Data are either structured or unstructured. Structured data is the type of data found in a database, consisting of recognizable and predictable structures. Examples of structured data include sales records, payment or expense details, and financial reports.

Unstructured data, by contrast, is data not found in a traditional spreadsheet or database. Examples of unstructured data include vendor invoices, email and user documents, human resources files, social media activity, corporate document repositories, and news feeds.

When using data analysis to conduct a fraud examination, the fraud examiner might use structured data, unstructured data, or a combination of the two. For example, conducting an analysis on email correspondence (unstructured data) among employees might turn up suspicious activity in the purchasing department. Upon closer inspection of the inventory records (structured data), the fraud examiner might uncover that an employee has been stealing inventory and covering her tracks in the records.

Data mining has roots in statistics, machine learning, data management and databases, pattern recognition, and artificial intelligence. All of these are concerned with certain aspects of data analysis, so they have much in common; yet they each have a distinct and individual flavor, emphasizing particular problems and types of solutions.

Although data mining technologies provide key advantages to marketing and business activities, they can also manipulate financial data that was previously hidden within a company’s database, enabling fraud examiners to detect potential fraud.

Data mining software provides an easy to use process that gives the fraud examiner the ability to get to data at a required level of detail. Data mining combines several different techniques essential to detecting fraud, including the streamlining of raw data into understandable patterns.

Data mining can also help prevent fraud before it happens. For example, computer manufacturers report that some of their customers use data mining tools and applications to develop anti-fraud models that score transactions in real-time. The scoring is customized for each business, involving factors such as locale and frequency of the order, and payment history, among others. Once a transaction is assigned a high-risk score, the merchant can decide whether to accept the transaction, deny it, or investigate further.

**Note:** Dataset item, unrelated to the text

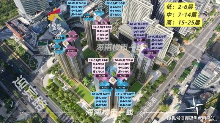 其中,4#楼全是239㎡户型,最大亮点是阳台采用错层设计,挑高5米,配备空中泳池或空中花园设计,号称三亚首个第四代住宅,因此价格也是最高,高楼层单价最高达5.84万/㎡。

Often, companies use data warehouses to manage data for analysis. Data warehouses are repositories of a company’s electronic data designed to facilitate reporting and analysis. By storing data in a data warehouse, data users can query and analyze relevant data stored in a single location. Thus, a company with a data warehouse can perform various types of analytic operations (e.g., identifying red flags, transaction trends, patterns, or anomalies) to assist management with its decision making responsibilities.

In conclusion, after the fraud examiner has identified the data sources, s/he should identify how the information is stored by reviewing the database schema and technical documentation. Fraud examiners must be ready to face a number of pitfalls when attempting to identify how information is stored, from weak or nonexistent documentation to limited collaboration from the IT department.

Moreover, once collected, it’s critical to ensure that the data is complete and appropriate for the analysis to be performed. Depending on how the data was collected and processed, it could require some manual work to make it usable for analysis purposes; it might be necessary to modify certain field formats (e.g., date, time, or currency) to make the information usable.

Concurrent Fraud Auditing (CFA) as a Tool for Fraud Prevention

JeSuisCharlieOne of our CFE chapter members left us a contact comment asking whether concurrent fraud auditing might not be a good anti-fraud tool for use by a retailer client of hers that receives hundreds of credit card payments for services each day.  The foundational concepts behind concurrent fraud auditing owe much to the idea of continuous assurance auditing (CAA) that internal auditors have applied for years.  Basically, at the heart of a system of concurrent fraud auditing (CFA) like that of CAA,  is the process of embedding control based software monitors in real time, automated financial or payment systems to alert reviewers of transactional anomalies as close to their occurrence as possible.  Today’s networked processing environments have made the implementation and support of such real time review approaches operationally feasible in ways that the older, batch processing based environments couldn’t.

Our member’s client uses several on-line, cloud based services to process its customer payments; these services provide our member’s client with a large database full of payment history, tantamount to a data warehouse, all available for use on SQL server,  by in-house client IT applications like Oracle and Microsoft Access.  In such a data rich environment, CFE’s and other assurance professionals can readily test for the presence of transactional patterns characteristic of defined, common payment fraud scenarios such as those associated with identity theft and money laundering.   The objective of the CFA program is not necessarily to recover the dollars associated with on-line frauds but to continuously (in as close to real time as possible) adjust the edits in the payment collection and processing system so that certain fraudulent transactions (those associated with known fraud scenarios) stand a greater chance of not even getting processed in the first place.  Over time, the CFA process should get better and better at editing out or flagging the anomalies associated with your defined scenarios.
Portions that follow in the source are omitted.